(Data entries)
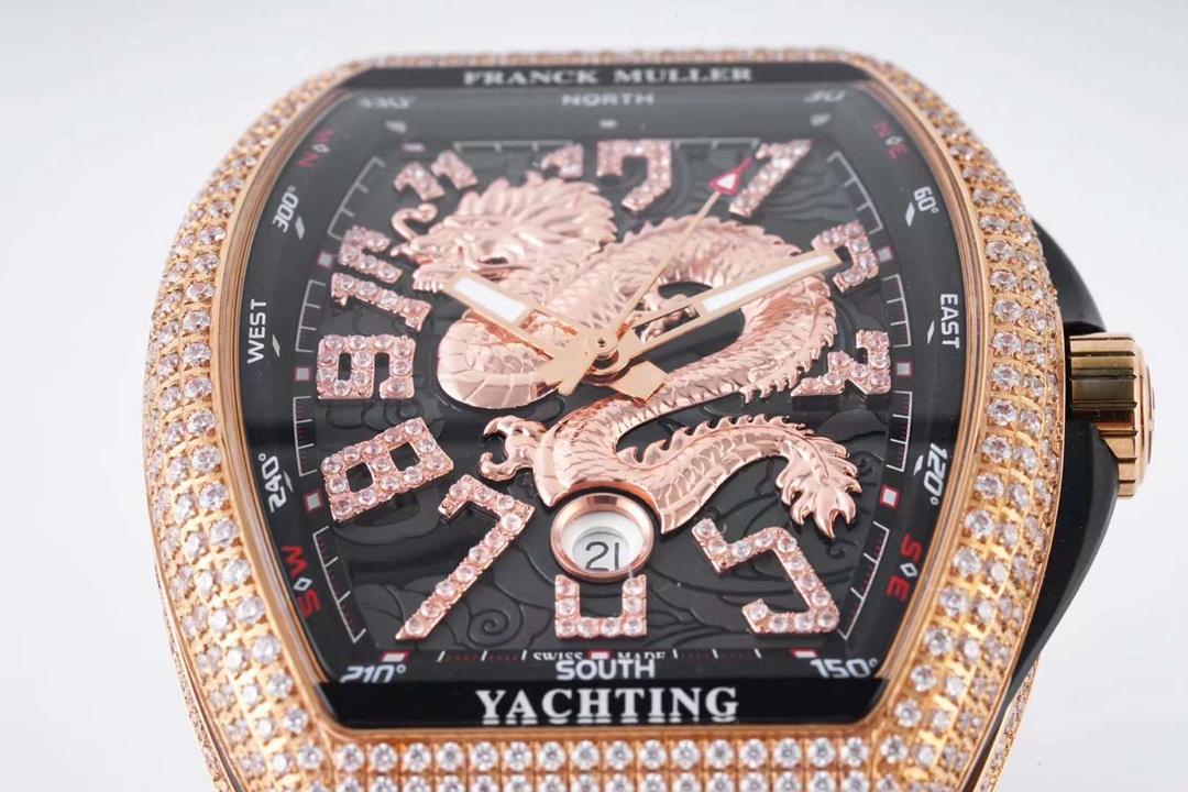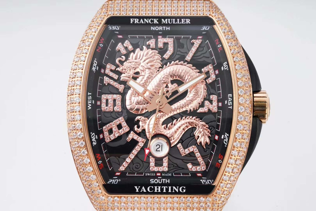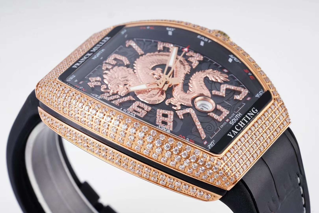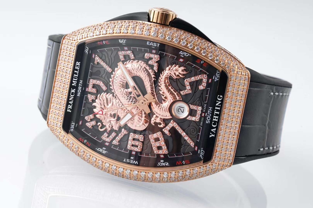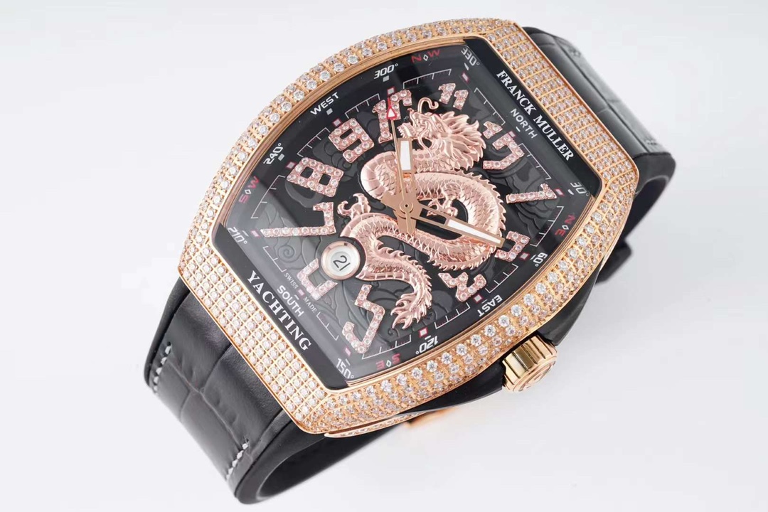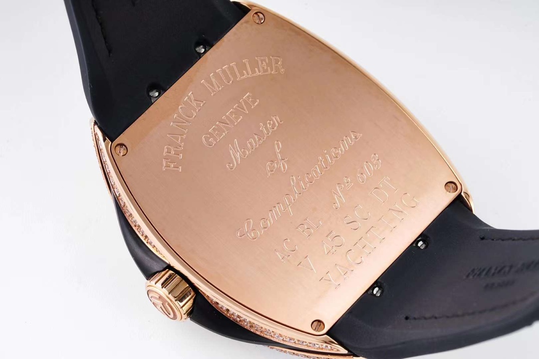 这款手表是AAAAA 1:1 质量 (非常棒). 使用了和原版一模一样的材料. 商标部分也保持了和Franck Mulle一样. 图片拍摄是实物手表拍摄, 您所收到的实物保证和我们图片一模一样.
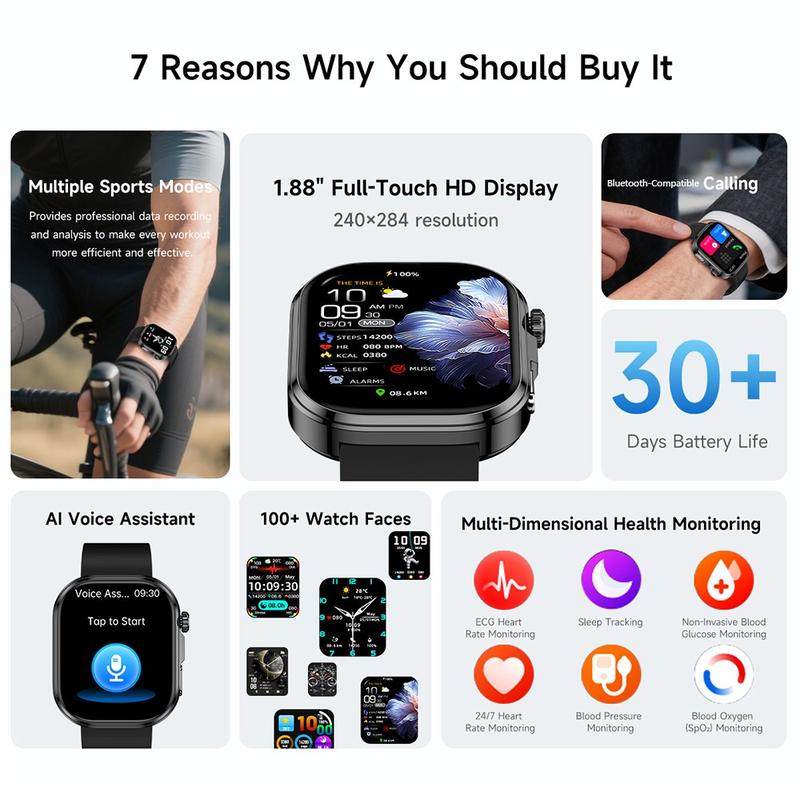 GE52 Smartklocka med 1,88" HD-skärm - EKG-hjärtmonitor, Bluetooth-samtal och fitnessarmband
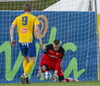 Bakare hleypur upp völlinn óáreittur með skotið sem Aron ver boltinn hrekkur til Jóhanns sem á skilið mark en Aron með nokkurskonar Schmeicel takta og sér við honum.
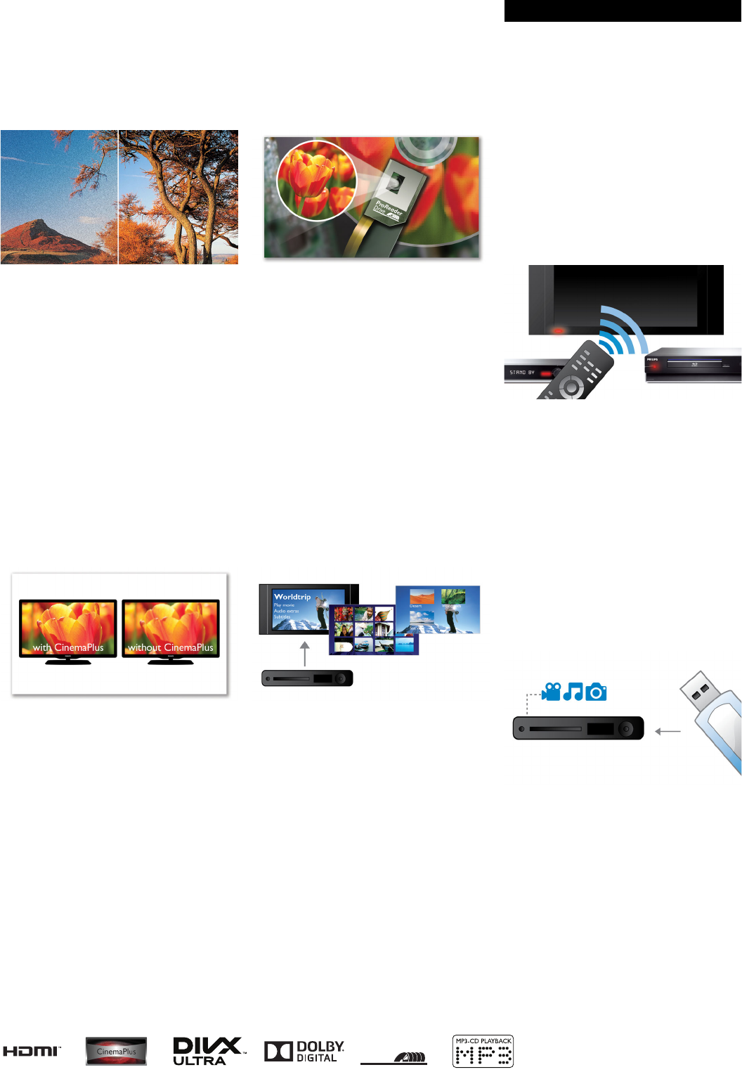 HDMI 1080p USB 2.0, DivX Ultra, CinemaPlus
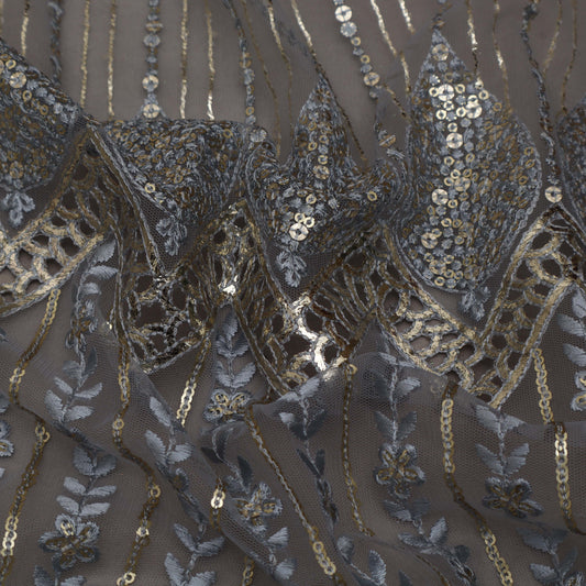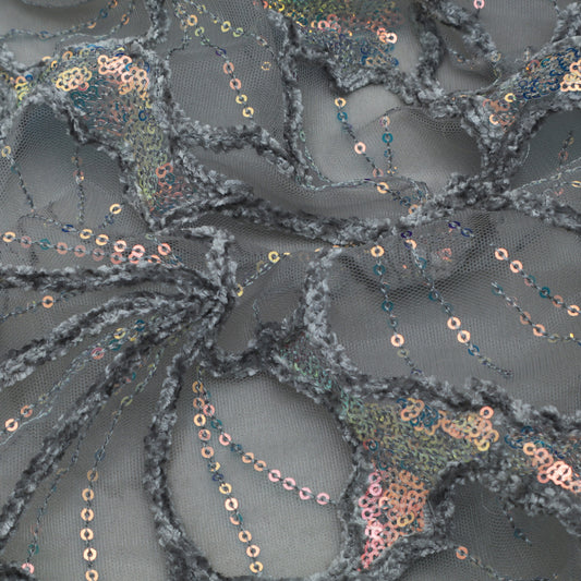 Grey Color Velvet Lycra Stripe Shimmer Fabric
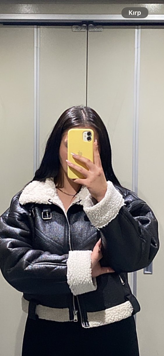 Parlak siyah deri, kürklü yakası ve manşetleriyle, fitted kesim kadın kış ceketi. Uzun kollu, yakalı, rock punk tarzına uygun.
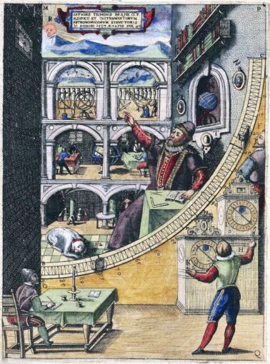 Гравюра с монументального квадранта Тихо Браге в Ураниборге (1598 год) с изображением двух часов / Источник: kb.dk
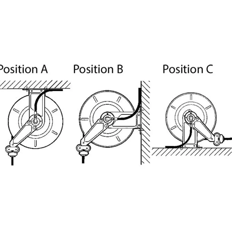 - Letkun ohjausvarret voidaan kiinnittää kolmeen eri asentoon letkukelan asennustavan mukaan
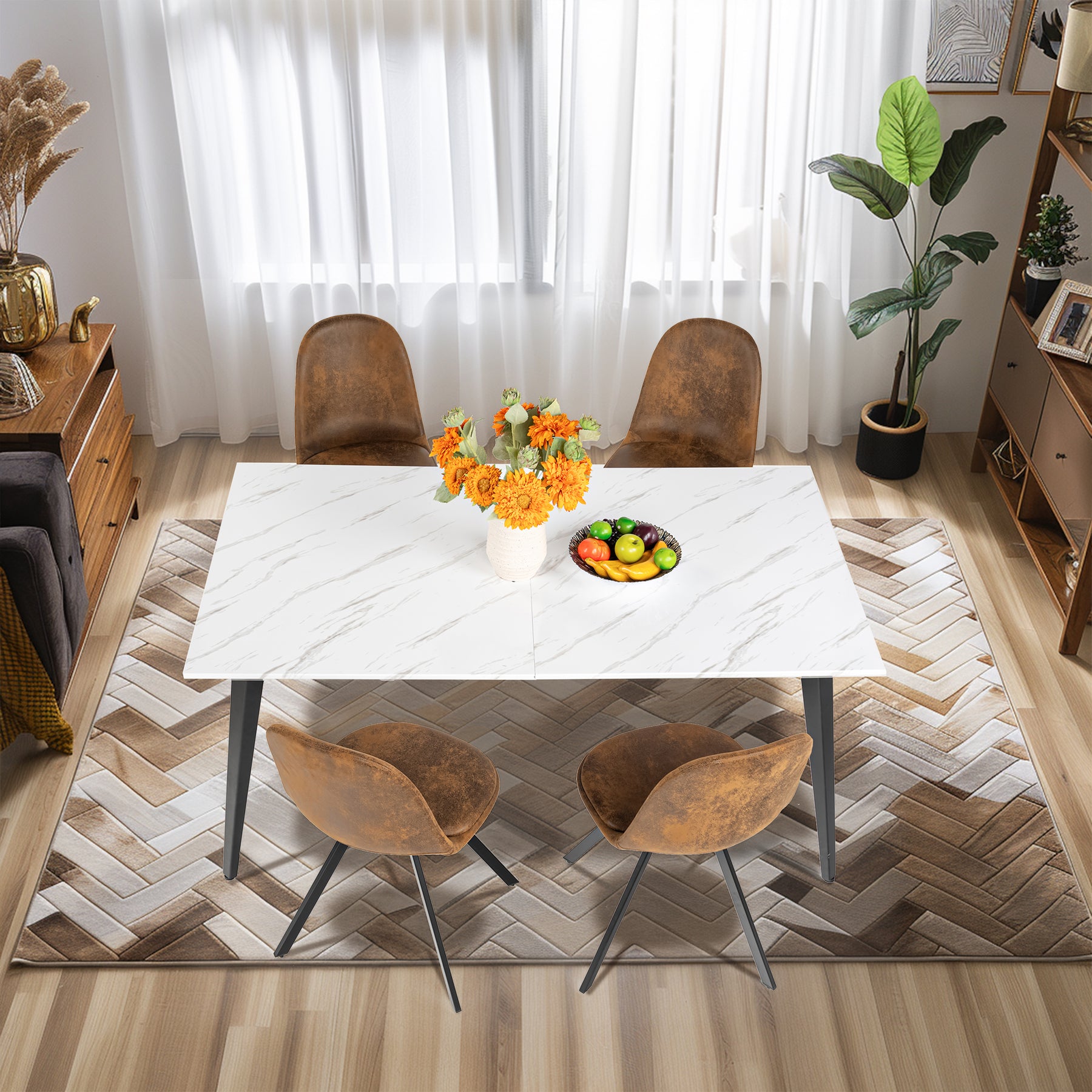 - 【Style Rétro】Le plateau marron de cette table de salle à manger est lisse et plat, facile à nettoyer et à entretenir. Le fond de la table de salle à manger présente également un design à bord biseauté pour éviter les rayures et l'usure.
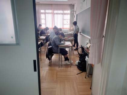 写真は各学年の数学のテストに取り組んでいる様子です。
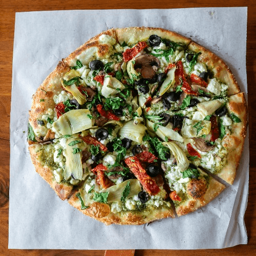 Marinara, Three Cheese, Feta, Parmesan, Oregano, Italian Seasoning & Bacon
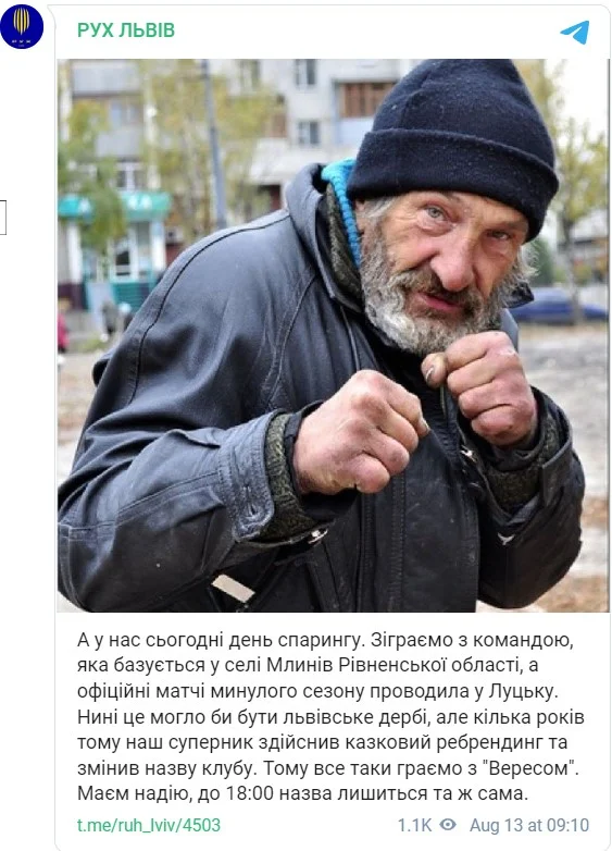 Началось все с анонса товарищеского матча в Telegram-канале Руха, где начали насмехаться над историей многолетней давности, когда Верес поднялся в УПЛ, фактически поменявшись местами со Львовом: "Надеемся, до 18:00 название останется то же самое". Львовяне также прикрепили фотографию бездомного, издеваясь над тем, что Верес не играет на родном стадионе.

### The task
Return each line of the data, keeping its wording exact and omitting pictures.

### Problem solution
 这款手表是AAAAA 1:1 质量 (非常棒). 使用了和原版一模一样的材料. 商标部分也保持了和Franck Mulle一样. 图片拍摄是实物手表拍摄, 您所收到的实物保证和我们图片一模一样.
 GE52 Smartklocka med 1,88" HD-skärm - EKG-hjärtmonitor, Bluetooth-samtal och fitnessarmband
 Bakare hleypur upp völlinn óáreittur með skotið sem Aron ver boltinn hrekkur til Jóhanns sem á skilið mark en Aron með nokkurskonar Schmeicel takta og sér við honum.
 HDMI 1080p USB 2.0, DivX Ultra, CinemaPlus
 Grey Color Velvet Lycra Stripe Shimmer Fabric
 Parlak siyah deri, kürklü yakası ve manşetleriyle, fitted kesim kadın kış ceketi. Uzun kollu, yakalı, rock punk tarzına uygun.
 Гравюра с монументального квадранта Тихо Браге в Ураниборге (1598 год) с изображением двух часов / Источник: kb.dk
 - Letkun ohjausvarret voidaan kiinnittää kolmeen eri asentoon letkukelan asennustavan mukaan
 - 【Style Rétro】Le plateau marron de cette table de salle à manger est lisse et plat, facile à nettoyer et à entretenir. Le fond de la table de salle à manger présente également un design à bord biseauté pour éviter les rayures et l'usure.
 写真は各学年の数学のテストに取り組んでいる様子です。
 Marinara, Three Cheese, Feta, Parmesan, Oregano, Italian Seasoning & Bacon
 Началось все с анонса товарищеского матча в Telegram-канале Руха, где начали насмехаться над историей многолетней давности, когда Верес поднялся в УПЛ, фактически поменявшись местами со Львовом: "Надеемся, до 18:00 название останется то же самое". Львовяне также прикрепили фотографию бездомного, издеваясь над тем, что Верес не играет на родном стадионе.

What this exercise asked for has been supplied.